Re: Postgresql 11: terminating walsender process due to replication timeout

From:	Kyotaro Horiguchi <horikyota(dot)ntt(at)gmail(dot)com>
To:	abhishek(dot)bhola(at)japannext(dot)co(dot)jp
Cc:	pgsql-general(at)postgresql(dot)org
Subject:	Re: Postgresql 11: terminating walsender process due to replication timeout
Date:	2021-09-13 01:10:41
Message-ID:	20210913.101041.2246839776609019379.horikyota.ntt@gmail.com
Views:	Whole Thread \| Raw Message \| Download mbox \| Resend email
Thread:
Lists:	pgsql-general

At Fri, 10 Sep 2021 16:55:48 +0900, Abhishek Bhola <abhishek(dot)bhola(at)japannext(dot)co(dot)jp> wrote in
> So is there any solution to this issue?
> I did try to increase the wal_sender_timeout and it broke the pub/sub.
> I increased the wal_receiver_timeout and it wouldn't attempt to restart the
> subscription until that time elapsed.
> Due to that, the WAL segments got removed by the time it came up again and
> it stopped working.
> So given that the publisher is publishing at a higher rate than the
> subscriber is subscribing, what can be done?

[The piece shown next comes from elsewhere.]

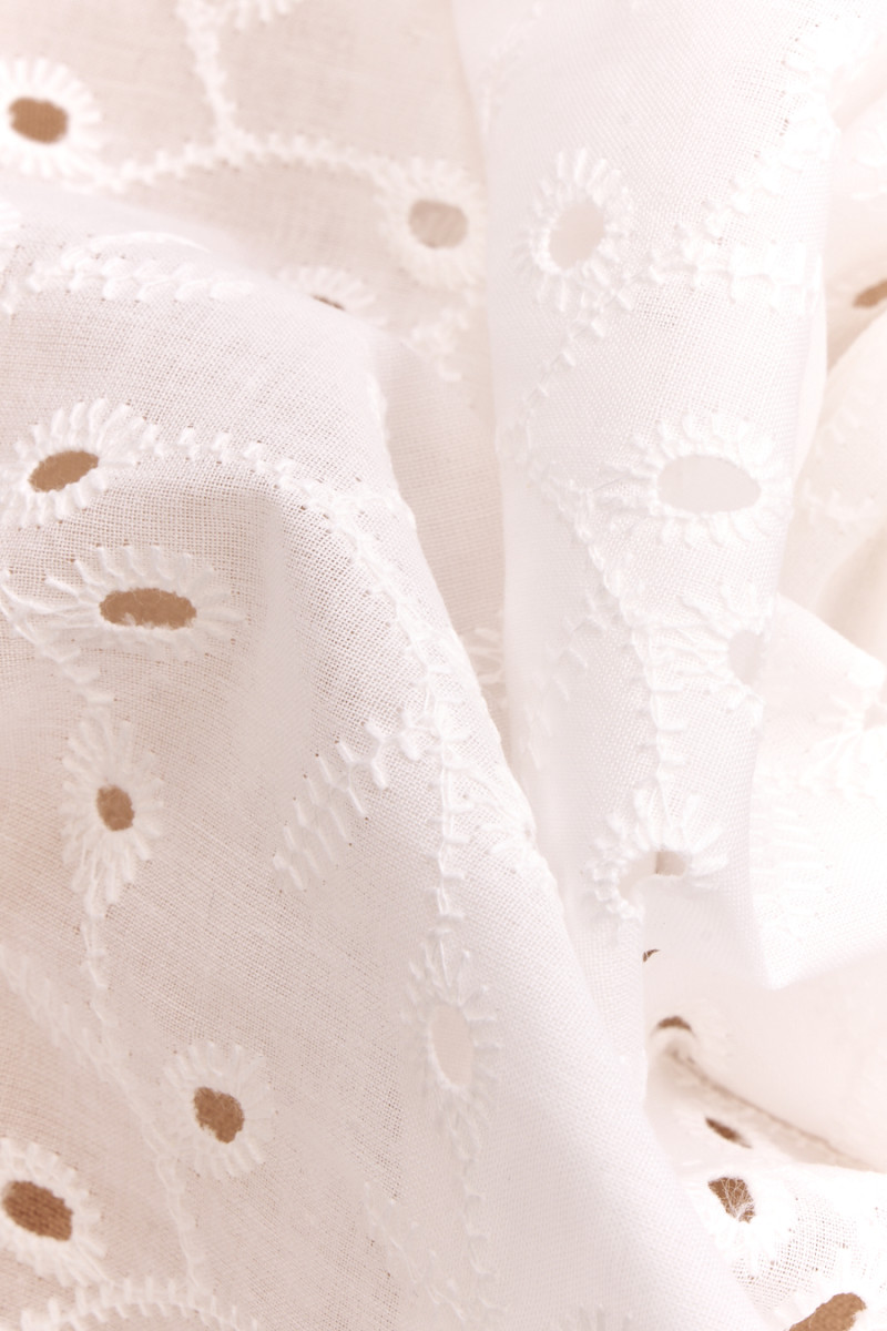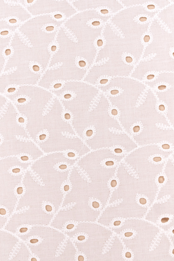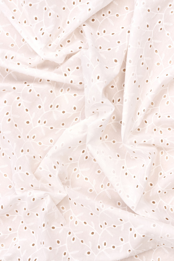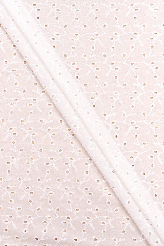Olasz 100% pamutszövet fehér Richelieu hímzéssel. A gallyakba rendezett apró virágok motívuma, a minta rendszeres és sűrű. A szövet vékony, kissé átlátszó, nem rugalmas, mindkét széle szépen elkészült. Csodálatos, könnyű ajánlat blúzokhoz, ingekhez és ruhákhoz.

Given that my assumption is right, to enable a subscriber to send a
response, the subscriber needs to see a keepalive packet from
publisher (sent with intervals of wal_sender_timeout/2) within every
interval of wal_sender_timeout. Otherwise needs to "rest" by finding a
gap in the data stream from the publisher with intervals shorter than
wal_sender_timeout.

The reason subscriber is kept busy is it receives the next data
before it finishes applying the previous data. So possible workaround
I came up with for now are:

- Increase processing power of the subscriber, so as to increase the
possibility that it can finish applying changes before the next data
block comes from the publisher. Or, to make the subscriber can keep
catching up to the publisher. This is the most appropriate solution,
I think.

- Throttle network bandwidth to obtain the same effect to the first
reason above. (This may give a side effect that the bandwidth become
finally insufficient.)

- Break large transactions on the publisher into smaller pieces.
Publisher sends data of a transaction at once at transaction commit,
so this could average data transfer rate.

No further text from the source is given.